Here is a definition without partition about Stirling numbers of second kind.
"Let $S(n,k)$ be Stirling numbers of second kind.
$1 \leq k \leq n$, and let $k$ and $n$ be positive integers. Let $h(n, k)$ be the sum of all $\left(\begin{array}{c}n-1 \\ k-1\end{array}\right)$ products that consist of $(n-k)$ factors, so that all these factors are elements of $[k]$ So; $$ h(n, k)=S(n, k) $$ For Example $n=4$, and $k=2$. Then $$ h(4,2)=1 \cdot 1+1 \cdot 2+2 \cdot 2=7=S(4,2) $$ $$ h(4,3)=1+2+3=6=S(4,3) $$
Repetition of factors is allowed, but the factors of each product are to be written in increasing order. Note that the definition of $h(n, k)$ means that $h(n, n)$ is a product with no factors, which we will set to be equal to $1$"
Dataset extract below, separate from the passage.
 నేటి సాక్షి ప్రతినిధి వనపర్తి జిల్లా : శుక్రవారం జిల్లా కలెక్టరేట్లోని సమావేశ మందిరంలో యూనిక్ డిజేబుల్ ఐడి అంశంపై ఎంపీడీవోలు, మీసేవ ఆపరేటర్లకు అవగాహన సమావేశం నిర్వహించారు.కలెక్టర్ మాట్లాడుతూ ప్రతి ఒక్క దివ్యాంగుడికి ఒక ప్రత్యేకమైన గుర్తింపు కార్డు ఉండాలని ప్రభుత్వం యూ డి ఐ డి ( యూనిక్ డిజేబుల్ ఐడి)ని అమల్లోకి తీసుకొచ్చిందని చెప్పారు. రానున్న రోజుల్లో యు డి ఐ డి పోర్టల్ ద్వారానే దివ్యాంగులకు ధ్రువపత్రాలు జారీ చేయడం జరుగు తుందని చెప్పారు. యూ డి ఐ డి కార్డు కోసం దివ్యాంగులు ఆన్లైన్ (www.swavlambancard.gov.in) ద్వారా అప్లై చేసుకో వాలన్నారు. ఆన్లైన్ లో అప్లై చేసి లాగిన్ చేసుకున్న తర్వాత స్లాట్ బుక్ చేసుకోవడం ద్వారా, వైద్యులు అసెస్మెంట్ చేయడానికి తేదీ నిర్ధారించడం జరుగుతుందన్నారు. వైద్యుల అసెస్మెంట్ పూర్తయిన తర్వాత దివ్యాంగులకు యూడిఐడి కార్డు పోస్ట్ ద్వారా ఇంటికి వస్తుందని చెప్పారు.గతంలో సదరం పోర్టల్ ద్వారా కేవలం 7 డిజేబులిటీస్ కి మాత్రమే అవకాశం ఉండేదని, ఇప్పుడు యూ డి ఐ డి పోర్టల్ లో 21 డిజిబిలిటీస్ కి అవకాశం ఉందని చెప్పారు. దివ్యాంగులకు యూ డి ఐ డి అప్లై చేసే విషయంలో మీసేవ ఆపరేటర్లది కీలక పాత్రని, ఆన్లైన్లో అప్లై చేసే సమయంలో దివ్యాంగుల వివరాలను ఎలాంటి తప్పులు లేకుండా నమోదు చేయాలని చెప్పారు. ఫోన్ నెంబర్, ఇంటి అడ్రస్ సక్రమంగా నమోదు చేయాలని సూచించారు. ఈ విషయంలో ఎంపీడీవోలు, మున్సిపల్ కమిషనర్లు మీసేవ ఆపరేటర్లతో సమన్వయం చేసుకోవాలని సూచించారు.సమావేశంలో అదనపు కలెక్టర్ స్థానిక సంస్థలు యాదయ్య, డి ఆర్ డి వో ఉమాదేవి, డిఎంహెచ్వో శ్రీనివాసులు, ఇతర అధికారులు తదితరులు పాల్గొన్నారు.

I try to understand this nice definition. Here $h(n, k)$ is the sum of all $\left(\begin{array}{c}n-1 \\ k-1\end{array}\right)$ products that consist of $(n-k)$ factors but how?Can you give a hint about it? Thanks for your comment.
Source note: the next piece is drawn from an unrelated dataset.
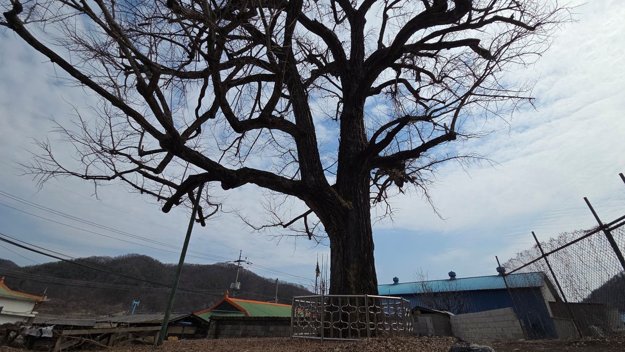 마을에 우뚝 솟은 은행나무 보이죠.

This is just a description of the generating function, mainly that $$\frac{1}{\displaystyle \prod _{i=1}^k(1-i\cdot x)}=\sum _{n = k}^{\infty}{n\brace k}x^{n-k}.$$ For a proof, consider the following: $\pi$ be a partition in normal form (elements in the blocks are increasing, for example the partition $\{\{2,4\},\{1,5,3\}\}$ is $135/24$ in normal form), say $\pi = B_1/B_2/ \cdots /B_k $ with $m_i=\min (B_i)$ then notice that if you fix the minimal elements, this partition can be any of $1^{m_2-m_1-1}2^{m_3-m_2-1}\cdots k^{n-m_k}$ because for example say that the minimal elements are $1,3,5$ and $n=10$ then $2$ has to go in the block of $1$ so as $3$, but now $4$ can be in the block of $3$ or the block of $1$ so there are $2^{3-1-1}=2$ options, etc. Notice that this process can be reversed, you just count how many times you saw a $1$ and a $2$ etc.
For example in the $1\cdot 2$ case in $h(4,2)$ you have $1^12^1$ so the minimal elements are $1$ and $3$ and the possible permutations are $12/34$ and $124/3$.